2. Evaluation and selection of parents: The germplasm is evaluated so as to identify plants with desirable characteristics. The selected plants are multiplied and are used. Purelines are created wherever desirable.
3) Cross Hybridisation among the selected parents: After emasculation (Removal of Anthers from bisexual flower of a female parent) the female flowers are enclosed in a polythene bag to prevent undesired cross-pollination. Pollen grains are collected from the male parent with the help of a brush and are transferred to the surface of the stigma thus cross-pollination is affected artificially.
4) Selection and Testing of superior recombinants: It involves selecting among the progeny of hybrids, those plants that
have the desired character combination. The selection process requires careful scientific evaluation of the progeny. Due to this, plants that are superior to both the parents are obtained. These are self-pollinated for several generations till they reach homozygosity.

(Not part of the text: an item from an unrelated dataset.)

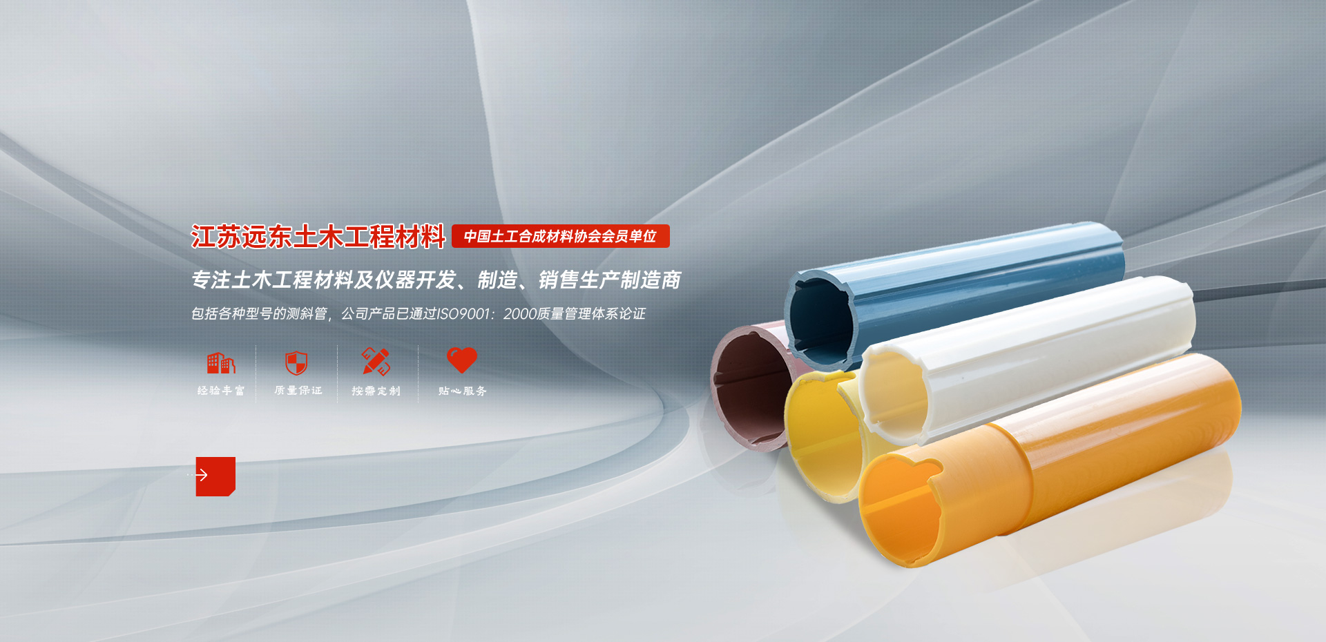 江蘇遠(yuǎn)東土木工程材料有限公司位于經(jīng)濟(jì)發(fā)達(dá)的江蘇省常州市金壇區(qū),地處金壇市東南,是從事土木工程材料及儀器開(kāi)發(fā)、制造、銷(xiāo)售生產(chǎn)制造商,同時(shí)也是中國(guó)土工合成材料協(xié)會(huì)會(huì)員單位。 目前,我公司的主要產(chǎn)品為土工材料及相關(guān)儀器:包括各種型號(hào)的測(cè)斜管、注漿管、沉降管、水位管以及土工膜、塑料盲溝材、軟式透水管、土工格柵等多種土工材料;并為用戶(hù)配套振弦式傳感器及相關(guān)儀器,包括錨索測(cè)力計(jì)、鋼筋測(cè)力計(jì)、土壓力計(jì)、孔隙水壓力計(jì)、混凝土應(yīng)力計(jì)、應(yīng)變計(jì)、位移計(jì)、水位計(jì)、測(cè)縫計(jì)、傾斜儀,智能測(cè)頻儀等多個(gè)品種。多年來(lái),我公司緊扣市場(chǎng)脈搏,不斷地推陳出新,積累了豐富的產(chǎn)品開(kāi)發(fā)運(yùn)作經(jīng)驗(yàn)。 我們的產(chǎn)品已經(jīng)在三峽、龍灘、紫平鋪、江埡、昌馬、大亞灣核電站、連云港核電站、上海國(guó)際機(jī)場(chǎng)、廣州地鐵、楊浦大橋、錢(qián)江大橋、滬寧高速、杭金瞿高速、上海金貿(mào)大廈、淮南礦務(wù)局等多個(gè)國(guó)家工程中成功應(yīng)用,深受專(zhuān)家和廣大用戶(hù)的好評(píng)和肯定,被國(guó)內(nèi)多家相關(guān)科研院所、高等院校推薦使用,在業(yè)界有一定的知名度。 我們一貫堅(jiān)持以市場(chǎng)為導(dǎo)向,以技術(shù)、產(chǎn)品、服務(wù)為依托,始終以客戶(hù)的需求作為企業(yè)的考慮以客戶(hù)的滿(mǎn)意作為企業(yè)的追求,秉承“誠(chéng)信為本,質(zhì)量為本,技術(shù)先進(jìn),服務(wù)優(yōu)先”的經(jīng)營(yíng)理念,我公司始終致力于成為國(guó)內(nèi)巖土工程材料監(jiān)測(cè)儀器行業(yè)具有競(jìng)爭(zhēng)力的核心企業(yè)。我公司全體員工熱忱歡迎廣大客戶(hù)和各界同仁指導(dǎo)合作,我們將與推您攜手同進(jìn),共創(chuàng)輝煌!史經(jīng)理24小時(shí)咨詢(xún)熱線(xiàn):13901491018(微信同號(hào))。

5) Testing, release, and commercialisation of new characters: The newly selected lines are evaluated for their yield and other traits of quality, disease resistance etc. It is done by growing these in research fields and recording their performance under ideal fertilizer application, irrigation, and other crop management practices. It is followed by testing the materials in farmers’ fields for at least 3 growing seasons at several places in the country, in all agroclimatic zones. Finally, they are distributed to farmers as a new variety.